● Work to complete
Find every line containing the word "will" in the records below; report only how many there are.

━━━ Source information

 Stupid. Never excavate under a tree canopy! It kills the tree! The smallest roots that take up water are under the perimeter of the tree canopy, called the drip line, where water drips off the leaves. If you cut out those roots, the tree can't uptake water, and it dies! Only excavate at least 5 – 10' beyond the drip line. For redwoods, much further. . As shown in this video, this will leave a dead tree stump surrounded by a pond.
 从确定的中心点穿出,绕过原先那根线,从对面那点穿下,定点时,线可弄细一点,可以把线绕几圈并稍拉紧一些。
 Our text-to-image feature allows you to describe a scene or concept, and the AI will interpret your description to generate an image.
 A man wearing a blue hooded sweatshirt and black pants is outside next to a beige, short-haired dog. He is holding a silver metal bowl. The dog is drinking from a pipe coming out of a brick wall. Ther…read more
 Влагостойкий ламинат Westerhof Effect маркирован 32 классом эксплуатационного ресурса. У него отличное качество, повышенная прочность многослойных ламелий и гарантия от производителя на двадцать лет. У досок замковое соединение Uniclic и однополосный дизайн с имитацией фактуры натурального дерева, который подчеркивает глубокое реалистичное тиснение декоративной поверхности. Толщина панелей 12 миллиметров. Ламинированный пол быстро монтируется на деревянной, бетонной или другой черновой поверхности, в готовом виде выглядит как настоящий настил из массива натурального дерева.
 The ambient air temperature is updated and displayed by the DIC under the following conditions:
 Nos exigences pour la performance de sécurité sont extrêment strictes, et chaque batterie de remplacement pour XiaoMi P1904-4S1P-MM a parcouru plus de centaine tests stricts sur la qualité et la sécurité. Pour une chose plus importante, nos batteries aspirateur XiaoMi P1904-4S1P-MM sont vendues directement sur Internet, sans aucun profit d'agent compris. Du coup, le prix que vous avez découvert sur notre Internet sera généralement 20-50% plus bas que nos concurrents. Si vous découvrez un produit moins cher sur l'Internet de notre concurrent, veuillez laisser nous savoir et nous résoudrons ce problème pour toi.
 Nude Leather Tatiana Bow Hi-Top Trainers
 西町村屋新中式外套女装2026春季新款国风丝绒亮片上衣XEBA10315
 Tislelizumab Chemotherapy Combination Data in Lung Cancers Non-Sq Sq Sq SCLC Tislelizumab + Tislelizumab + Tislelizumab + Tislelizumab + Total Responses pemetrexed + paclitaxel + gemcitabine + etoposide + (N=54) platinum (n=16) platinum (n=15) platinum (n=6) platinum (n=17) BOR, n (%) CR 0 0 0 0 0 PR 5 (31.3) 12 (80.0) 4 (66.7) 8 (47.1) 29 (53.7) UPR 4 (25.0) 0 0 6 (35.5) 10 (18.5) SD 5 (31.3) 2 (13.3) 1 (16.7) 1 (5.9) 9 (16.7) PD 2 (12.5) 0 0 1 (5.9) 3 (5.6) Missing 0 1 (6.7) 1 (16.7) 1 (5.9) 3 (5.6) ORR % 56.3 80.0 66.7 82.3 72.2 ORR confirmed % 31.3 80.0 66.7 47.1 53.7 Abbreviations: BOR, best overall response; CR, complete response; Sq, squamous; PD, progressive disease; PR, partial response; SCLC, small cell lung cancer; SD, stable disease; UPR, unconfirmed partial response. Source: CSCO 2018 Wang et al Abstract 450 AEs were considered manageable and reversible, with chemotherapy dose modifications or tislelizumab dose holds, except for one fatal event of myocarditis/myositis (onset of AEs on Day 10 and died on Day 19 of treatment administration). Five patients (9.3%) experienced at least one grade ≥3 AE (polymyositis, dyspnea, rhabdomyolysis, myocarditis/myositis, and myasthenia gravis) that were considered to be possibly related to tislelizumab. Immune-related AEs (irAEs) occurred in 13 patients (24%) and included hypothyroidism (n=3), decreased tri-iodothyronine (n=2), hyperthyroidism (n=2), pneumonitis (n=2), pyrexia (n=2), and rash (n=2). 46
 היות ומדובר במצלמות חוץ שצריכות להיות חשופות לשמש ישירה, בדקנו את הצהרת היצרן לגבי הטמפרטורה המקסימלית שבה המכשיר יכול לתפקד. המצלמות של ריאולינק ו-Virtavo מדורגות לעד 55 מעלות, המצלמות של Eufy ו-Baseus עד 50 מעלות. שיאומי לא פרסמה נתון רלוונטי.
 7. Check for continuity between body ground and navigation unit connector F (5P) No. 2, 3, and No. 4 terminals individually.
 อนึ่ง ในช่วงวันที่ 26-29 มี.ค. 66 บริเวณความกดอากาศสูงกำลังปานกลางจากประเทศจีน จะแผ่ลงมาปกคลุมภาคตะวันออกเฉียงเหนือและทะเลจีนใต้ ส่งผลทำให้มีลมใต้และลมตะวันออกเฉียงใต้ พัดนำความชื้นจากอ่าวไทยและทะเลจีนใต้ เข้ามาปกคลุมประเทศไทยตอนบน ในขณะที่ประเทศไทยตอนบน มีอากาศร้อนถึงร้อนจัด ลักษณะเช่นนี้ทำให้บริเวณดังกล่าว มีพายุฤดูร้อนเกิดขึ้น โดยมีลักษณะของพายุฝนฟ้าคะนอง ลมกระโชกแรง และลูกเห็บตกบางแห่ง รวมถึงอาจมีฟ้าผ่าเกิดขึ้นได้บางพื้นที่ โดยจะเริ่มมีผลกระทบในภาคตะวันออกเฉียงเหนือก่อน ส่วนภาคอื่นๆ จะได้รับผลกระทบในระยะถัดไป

━━━━━━

● Expected answer
2